Ich denke, sie könnten einige Daten von Support-Fällen verwenden, aber aus einer Makro-Perspektive. Zumindest von meiner Seite aus habe ich nie direkt bei dieser Art von Analyse mitgewirkt.

Interessiert es die Menschen in Brasilien, dass Kaspersky russische Wurzeln hat?

Nein. Hier in Brasilien, zumindest soweit ich weiß, ist den Leuten die Herkunft des Unternehmens, für das ich arbeite, nicht so wichtig. Ich weiß, dass Leute auf Unternehmensebene deswegen echte Probleme bekommen können. Aber von meiner Familie, meinen Freunden oder in den sozialen Medien bin ich noch nie auf die russischen Wurzeln von Kaspersky angesprochen worden.

In Europa waren einige Leute wegen des Ukraine-Konflikts plötzlich sehr angespannt.

Ja, ich weiß. Aber es ist wie bei allen anderen Nachrichten, die aus dem Ausland kommen: In den ersten zwei Wochen wurde auch hier noch viel über die Ukraine gesprochen, jetzt hört man kaum noch davon in den Nachrichten. Außerdem finden in Brasilien dieses Jahr Wahlen statt.
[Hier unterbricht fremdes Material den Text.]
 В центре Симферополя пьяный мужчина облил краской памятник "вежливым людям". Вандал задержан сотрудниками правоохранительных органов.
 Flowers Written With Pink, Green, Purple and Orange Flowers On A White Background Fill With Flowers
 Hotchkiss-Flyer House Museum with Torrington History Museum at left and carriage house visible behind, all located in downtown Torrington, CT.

Viele sind deshalb jetzt mehr an den Kosten interessiert, die einer der Kandidaten für eine Hochzeitsfeier ausgibt.

Abschließend eventuell noch etwas über dein Privatleben. Was machst du, wenn du nicht arbeitest? Brasilianer müssen Fußball-Liebhaber sein, oder?

Tatsächlich bin ich kein Fußballfan! Ich gehe gerne mit meiner Familie in den Park oder mit meiner älteren Tochter ins Kino. Wir beide lieben Superheldenfilme. Von Zeit zu Zeit gehe ich auch ins Fitnessstudio. Und ich gehe gerne mit meinen beiden Hunden spazieren.
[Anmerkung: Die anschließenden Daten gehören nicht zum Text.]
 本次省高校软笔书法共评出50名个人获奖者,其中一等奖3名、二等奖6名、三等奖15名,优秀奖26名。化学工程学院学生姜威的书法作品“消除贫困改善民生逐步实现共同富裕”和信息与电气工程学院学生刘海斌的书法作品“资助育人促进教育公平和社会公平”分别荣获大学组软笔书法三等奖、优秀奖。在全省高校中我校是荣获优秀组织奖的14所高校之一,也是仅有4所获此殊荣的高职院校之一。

Zudem liebe ich es, die Dinge mit Humor zu nehmen. Wann immer ich kann, möchte ich den Menschen um mich herum in schwierigen Situationen ein positives Gefühl vermitteln.

Möchtest du Russland irgendwann einmal besuchen?

Das ist einer meiner Träume! Als ich 14 Jahre alt war, übte ich in einem MSN-Chatraum mein Englisch, und begann dort mit einem russischen Mädchen zu chatten. Nach ein paar Tagen tauschten wir ICQ-Nummern aus, und sie zeigte mir einige Bilder von Russland und erzählte mir, wie es ist, dort zu leben. Damals sah ich zum ersten Mal den Roten Platz.

Ich träume davon, eines Tages. mit einem älteren Russen auf einem Platz in Moskau Schach zu spielen – und in acht Zügen geschlagen zu werden!